== Assignment ==
Leave out the pictures and output the data verbatim.

== Data shown ==
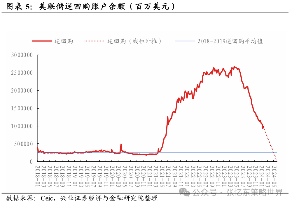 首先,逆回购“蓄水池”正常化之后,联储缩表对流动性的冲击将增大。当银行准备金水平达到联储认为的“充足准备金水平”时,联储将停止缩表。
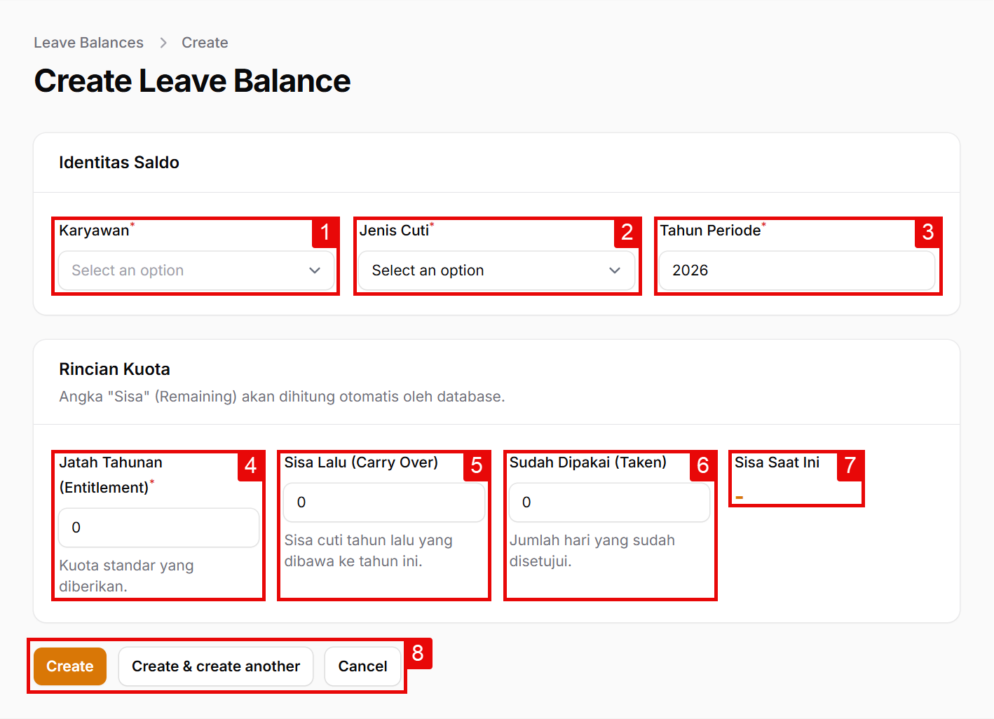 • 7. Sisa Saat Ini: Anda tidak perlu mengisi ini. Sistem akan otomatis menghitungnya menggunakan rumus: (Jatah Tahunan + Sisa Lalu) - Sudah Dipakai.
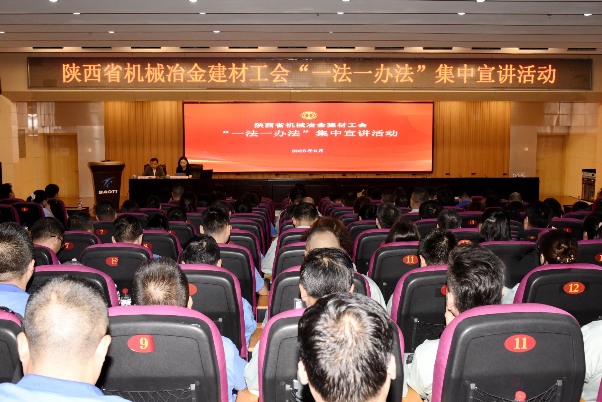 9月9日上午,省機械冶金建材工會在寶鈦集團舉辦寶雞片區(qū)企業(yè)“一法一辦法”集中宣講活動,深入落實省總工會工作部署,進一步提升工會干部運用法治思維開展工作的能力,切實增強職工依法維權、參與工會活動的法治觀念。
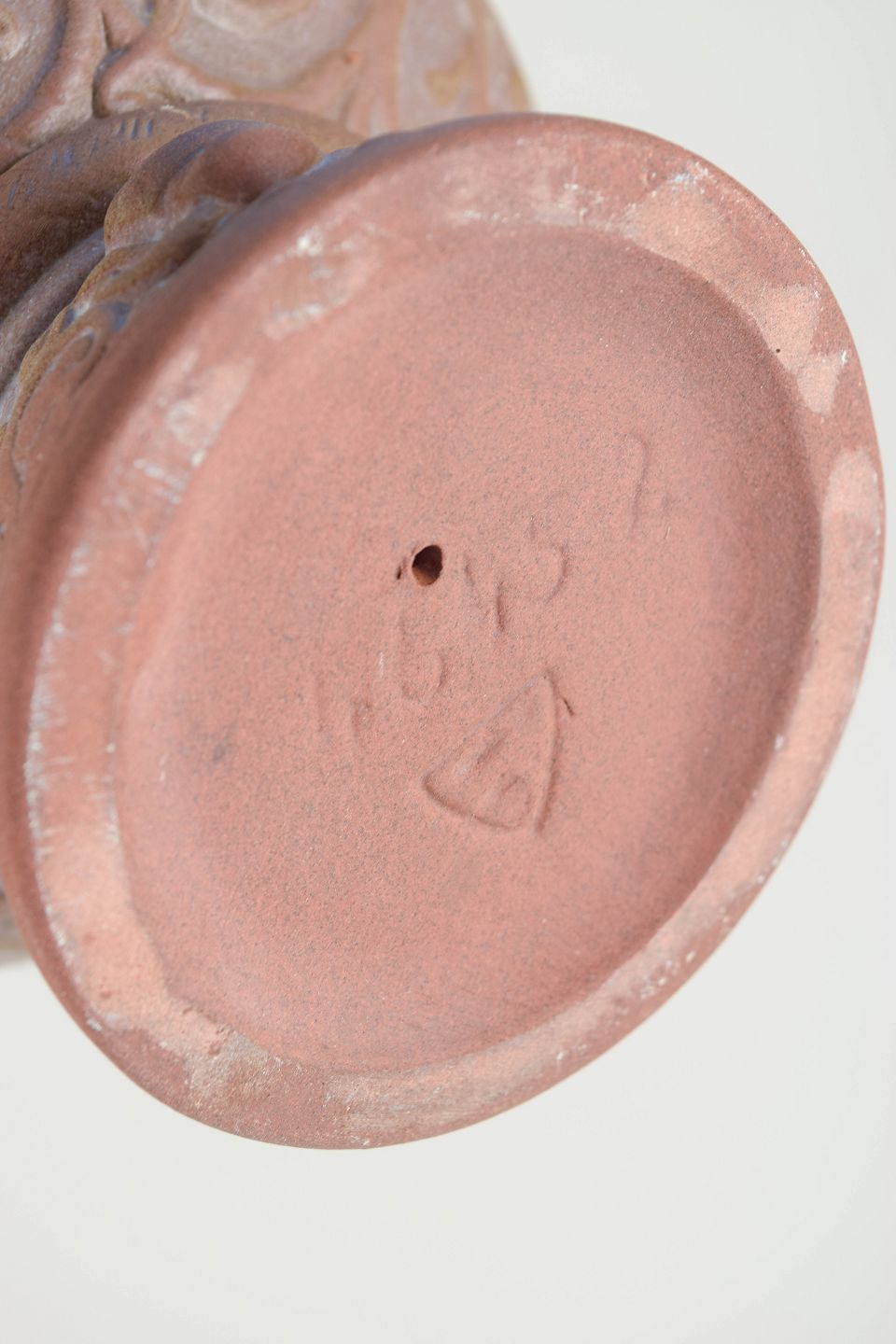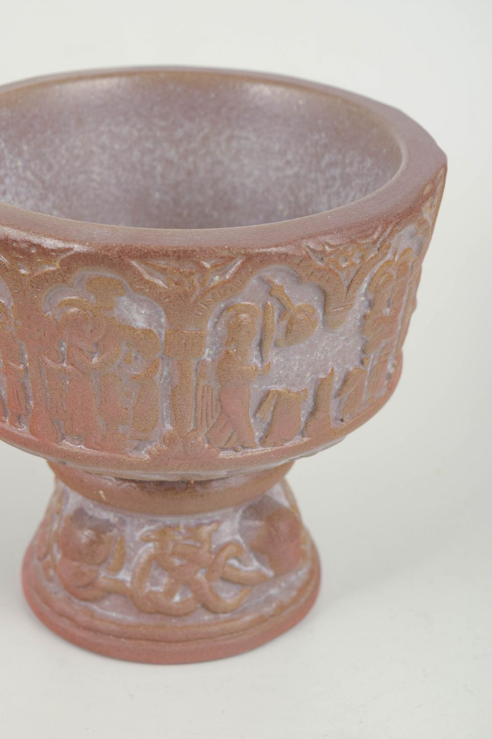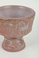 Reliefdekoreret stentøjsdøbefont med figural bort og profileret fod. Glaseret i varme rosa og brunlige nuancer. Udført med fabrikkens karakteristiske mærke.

== Output of the exercise ==
 首先,逆回购“蓄水池”正常化之后,联储缩表对流动性的冲击将增大。当银行准备金水平达到联储认为的“充足准备金水平”时,联储将停止缩表。
 • 7. Sisa Saat Ini: Anda tidak perlu mengisi ini. Sistem akan otomatis menghitungnya menggunakan rumus: (Jatah Tahunan + Sisa Lalu) - Sudah Dipakai.
 9月9日上午,省機械冶金建材工會在寶鈦集團舉辦寶雞片區(qū)企業(yè)“一法一辦法”集中宣講活動,深入落實省總工會工作部署,進一步提升工會干部運用法治思維開展工作的能力,切實增強職工依法維權、參與工會活動的法治觀念。
 Reliefdekoreret stentøjsdøbefont med figural bort og profileret fod. Glaseret i varme rosa og brunlige nuancer. Udført med fabrikkens karakteristiske mærke.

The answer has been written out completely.